CONFIDENTIAL TREATMENT REQUESTED EIGHTH AMENDMENT TO AMENDED & RESTATED MASTER SERVICES AGREEMENT
Exhibit 10.7.8
CONFIDENTIAL TREATMENT REQUESTED
EIGHTH AMENDMENT TO
AMENDED & RESTATED MASTER SERVICES AGREEMENT
This Eighth Amendment (“Eighth Amendment”) effective as of December 18, 2015 (“Eighth Amendment Effective Date”) is by and between Synacor, Inc. (“Synacor”) and Qwest Corporation, on behalf of itself and as agent for its Affiliates (“Client”) under which the parties hereto mutually agree to modify and amend the Amended & Restated Master Services Agreement, effective as of April 1, 2012, as amended (including the exhibits, schedules and amendments thereto, the “Agreement”) as provided in this Eighth Amendment. All terms defined herein shall be applicable solely to this Eighth Amendment. Any capitalized terms used herein, which are defined in the Agreement and are not otherwise defined herein, shall have the meanings ascribed to them in the Agreement.

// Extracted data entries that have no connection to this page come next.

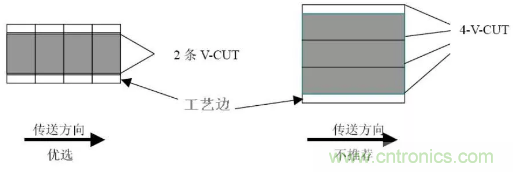 拼板方向應(yīng)平行傳送邊方向設(shè)計(jì), 當(dāng)尺寸不能滿足上述拼版尺寸要求的例外。一般要求“V-CUT”或郵票孔線數(shù)量≤3(對于細(xì)長的單板可以例外),見圖3.4。
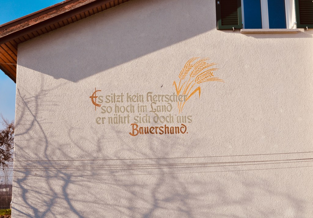 The German couplet above translates roughly as “The mightiest ruler throughout the land, yet is fed through farmer’s hand.”
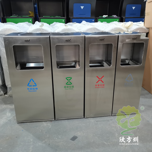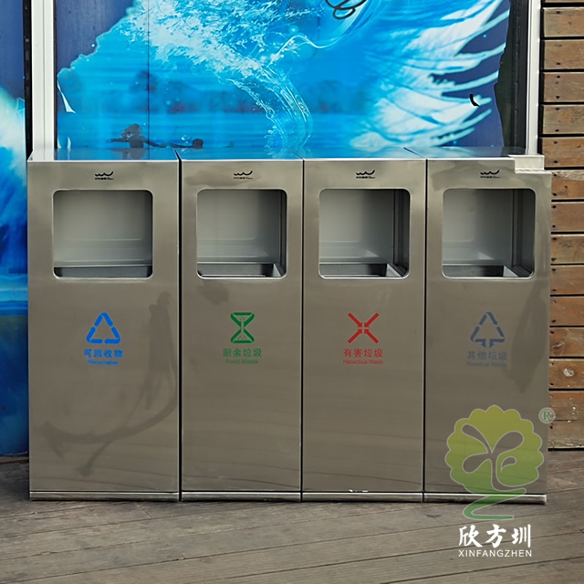 廣場(chǎng)組合式不銹鋼分類垃圾桶可以采用201或者304不銹鋼板制作,產(chǎn)品型號(hào):C819,尺寸規(guī)格:小桶尺寸340*340*985mm、大桶尺寸428*340*985mm,戶外方形本色單面投口抽拉式開門設(shè)計(jì),組合式3個(gè)小桶1個(gè)大桶直接擺放,正面中心位置絲網(wǎng)印刷了四色的最新分類標(biāo)識(shí),分別可回收物為藍(lán)色、廚余垃圾為綠色、有害垃圾為紅色、其他垃圾為黑色,正面頂部絲印黑色的企業(yè)logo,其他垃圾桶用手機(jī)帶一個(gè)滅煙盒,內(nèi)筒采用常規(guī)的鍍鋅板內(nèi)桶,這款垃圾桶時(shí)候擺放在廣場(chǎng)、公園、小區(qū)、工業(yè)區(qū)、地鐵口等場(chǎng)景,可以根據(jù)場(chǎng)景的大小定制組合式分類垃圾桶。
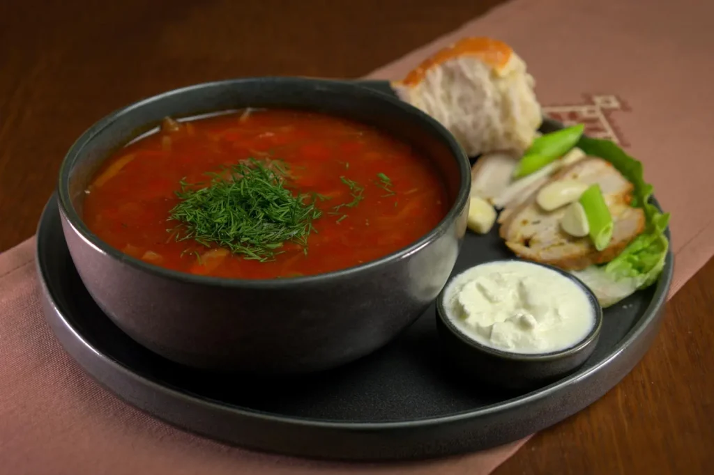 Borschtsch mit Pampuschki, Speck, Knoblauch und Schmand
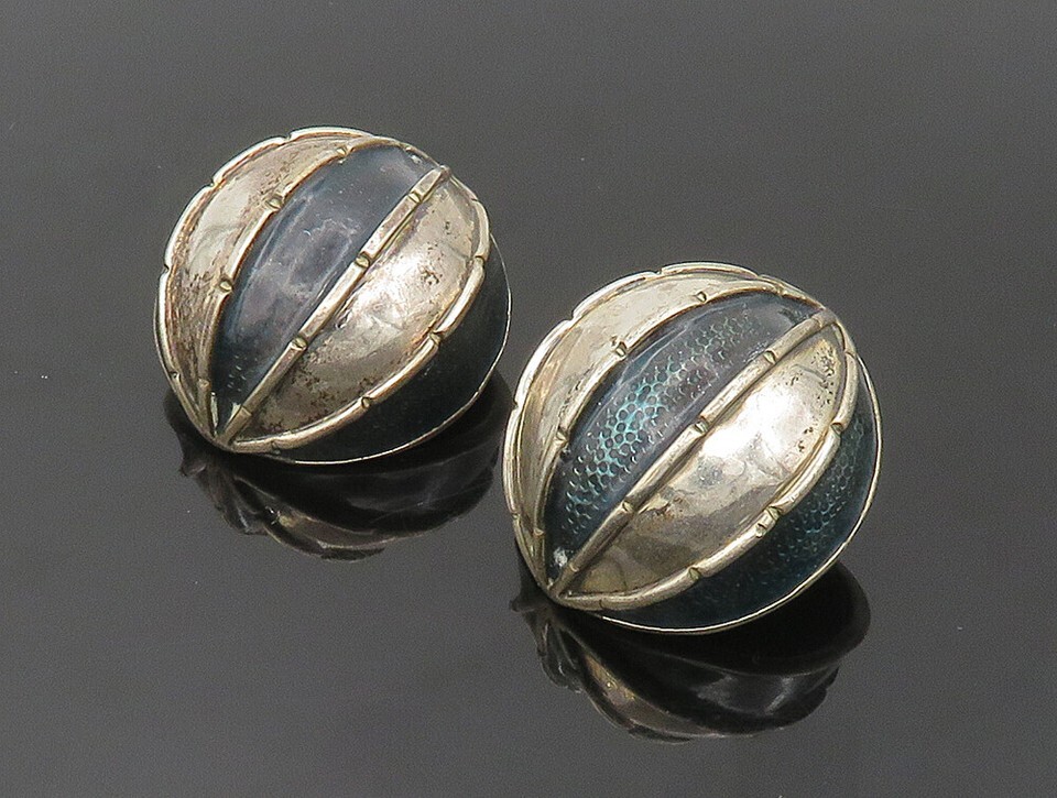 DESIGNER 925 Sterling Silver Vintage Enamel Dome Non Pierce Earrings EG11567
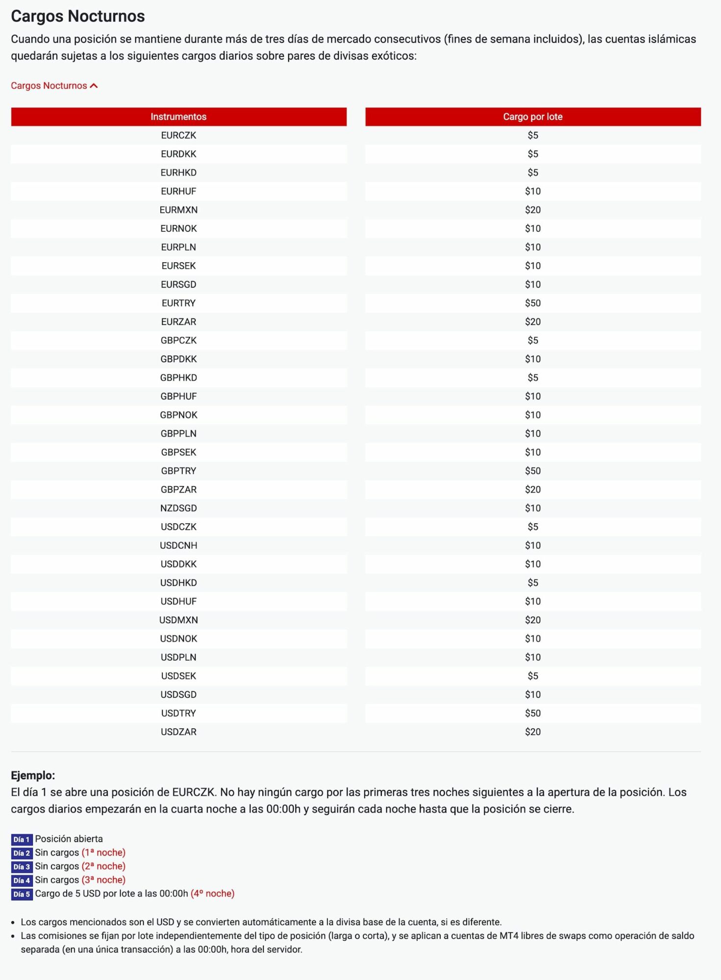 Según la página oficial, «las cuentas islámicas gozan exactamente de las mismas condiciones de trading que las normales. La única diferencia es que no cargaremos swaps sobre instrumentos negociables, aunque sí aplicaremos un cargo por mantener los pares exóticos que se mantengan durante más de tres noches consecutivas.»
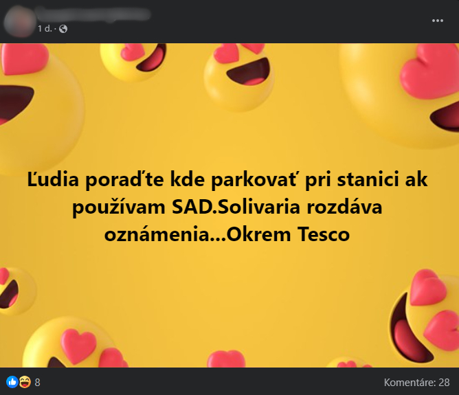Parkovacia situácia v Prešove, rovnako ako v iných väčších mestách, môže ľahko skomplikovať život. Miestni sa preto často radia o tom, čo robiť v prípade, ak plánujem využiť služby autobusového dopravcu SAD a niekde musí zanechať auto. „Ľudia, poraďte, kde parkovať pri stanici, ak používam SAD. Solivaria rozdáva oznámenia,“ pýta sa autorka na sociálnej sieti.
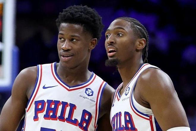 今天恩比德打了20分鐘,全9投1中,三分球4投0中,只有4分6籃板2助攻,最后更是被DNP了。昔日MVP,球隊(duì)絕對(duì)核心最后被摁在板凳席上,最后球隊(duì)還贏球了,恩比德心中肯定是五味雜陳的。而且,今天球隊(duì)贏球的兩個(gè)功臣,是新秀埃奇庫(kù)姆和馬克西。馬克西今天打了41分鐘,24投13中,三分球9投7中得到了40分6助攻2籃板2搶斷,其中次節(jié)單節(jié)17分。似乎每次恩比德和喬治缺席的時(shí)候,承擔(dān)大量球權(quán)的馬克西都會(huì)打得不錯(cuò),新賽季揭幕戰(zhàn)是這樣,上賽季也是如此。但上賽季馬克西砍高分的比賽經(jīng)常輸球,今天卻贏了。是因?yàn)樗瓉?lái)了一個(gè)幫手,今年的新秀埃奇庫(kù)姆。

In consideration of the premises and mutual covenants contained herein, and for other good and valuable consideration, the receipt and sufficiency of which are hereby acknowledged, the parties hereby agree to amend and modify the Agreement, effective as of the Eighth Amendment Date, as follows:
1.0 | Term: Section 7.1 of the Agreement is hereby deleted in its entirety and replaced with the following: |
Term. This Agreement shall be effective as of the Effective Date and shall continue thereafter in full force and effect through December 31, 2013 (the “Initial Term”). Thereafter the Agreement shall automatically renew initially through December 31, 2016 and thereafter will automatically renew for up to five (5) periods of one (1) year each (each such renewal period shall be referred to as a “Renewal Term”, and together with the Initial Term, the “Term”), provided however that either party may prevent automatic renewal by providing the other party with at least 180 days prior written notice of non-renewal.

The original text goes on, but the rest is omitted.